1. Como foi a repercussão na mídia da sua edição de CANTARES, 2007, editora escrituras?

R. Foi muito boa e a edição está praticamente esgotada. Esse livro marcou, em 2002, meu retorno à poesia depois de 30 anos de total afastamento da literatura. Voltei ao Brasil em meados de 72, numa fase aguda da repressão política, obrigando-me a ficar muitos anos no total anonimato social e literário. Tudo isso me desmotivou a escrever e somente voltei à poesia na primavera de 2002. provocado por um fato meramente circunstancial. Cinco anos depois lancei o livro Cantares, retratando na sua primeira parte a importância que o mar teve em minha infância, um lírico resgate de uma fase extraordinária de minha vida. Voltando à pergunta quero dizer que sua repercussão na mídia foi a melhor possível, seja pela credibilidade dos comentários, entrevistas e resenhas, mas sobretudo porque todos os poemas do livro estão publicados em vários blogues nacionais e alguns internacionais.

 


3 Respostas

  1. Já disse diretamente a ele, muitas vezes; portanto, não estou fazendo crítica negativa: prefiro o Manoel de Andrade lírico, com todo os respeito por sua história de cavaleiro andante de uma cruzada utópica. Sua poesia política é uma flecha que dele sai em busca de alvos racionais e talvez quiméricos. Já seu lirismo é jorro de espírito, de dentro, da pura emoção, de realidade incontestável. Não necessita de expansão metafórica para bradar ideias, apenas deixa brotar a palavra simples para recordar e contar as histórias que os olhos de menino gravaram. Mas também aceito a dualidade, que faz dele, sem dúvida alguma, um grande poeta.

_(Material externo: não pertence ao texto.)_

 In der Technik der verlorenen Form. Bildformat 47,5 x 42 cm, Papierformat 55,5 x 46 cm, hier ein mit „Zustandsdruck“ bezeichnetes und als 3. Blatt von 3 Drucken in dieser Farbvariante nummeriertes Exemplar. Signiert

  2. Bom para a literatura, otimo para a poesia a volta de Manoel de Andrade.
    Sua entrevista mostra o quanto o mundo literario ganhou. Poeta moderno que escreve sobre a atualidade sem entretanto esquecer suas raizes. Parabens.

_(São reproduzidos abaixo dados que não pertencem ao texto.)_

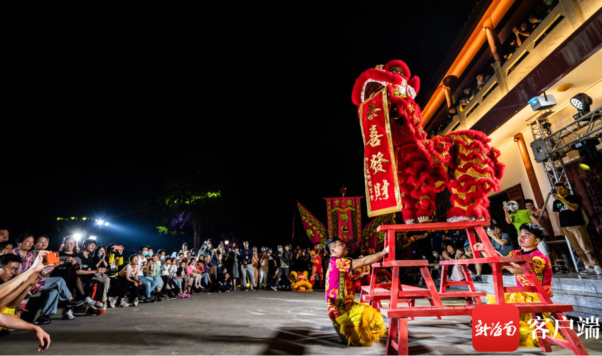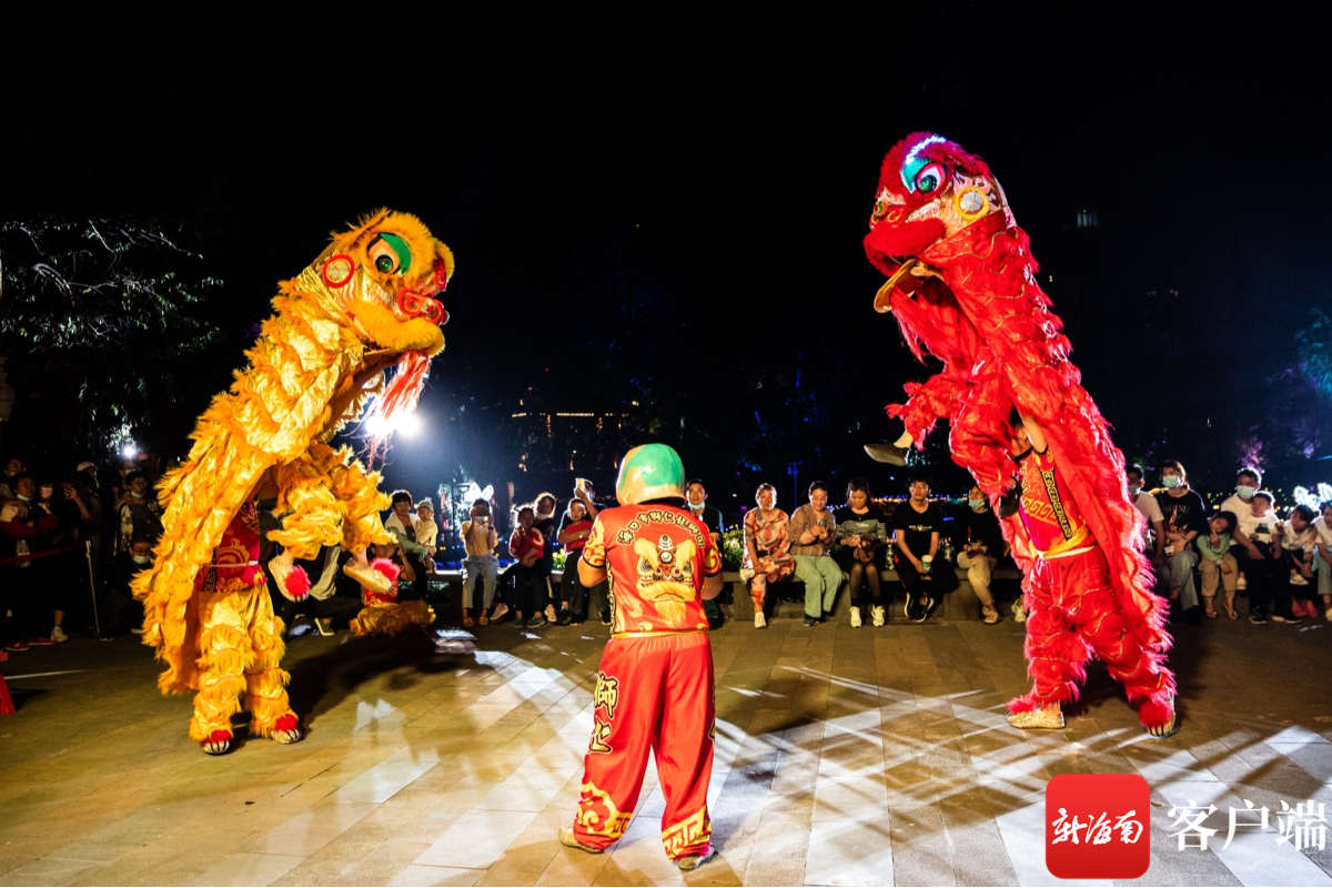 3月14日晚,海口市五公祠舞獅隊(duì)伍表演雄獅飛騰跳躍,在陣陣強(qiáng)勁有力的鼓樂配合下舞動歡騰。記者 李昊 攝

  3. A poesia revolucionaria de Manoel de Andrade é um retrato comovente de uma fase historica do nosso continente, e readquire destaque no atual contexto de reabertura de arquivos ditatoriais, contribuindo para que a historia dos paises latinoamericanos seja reescrita. Nesse contexto, aguardamos ansiosamente a publicaçao das suas “Memorias” para ler seus relatos dessa época, dessa vez em forma de prosa.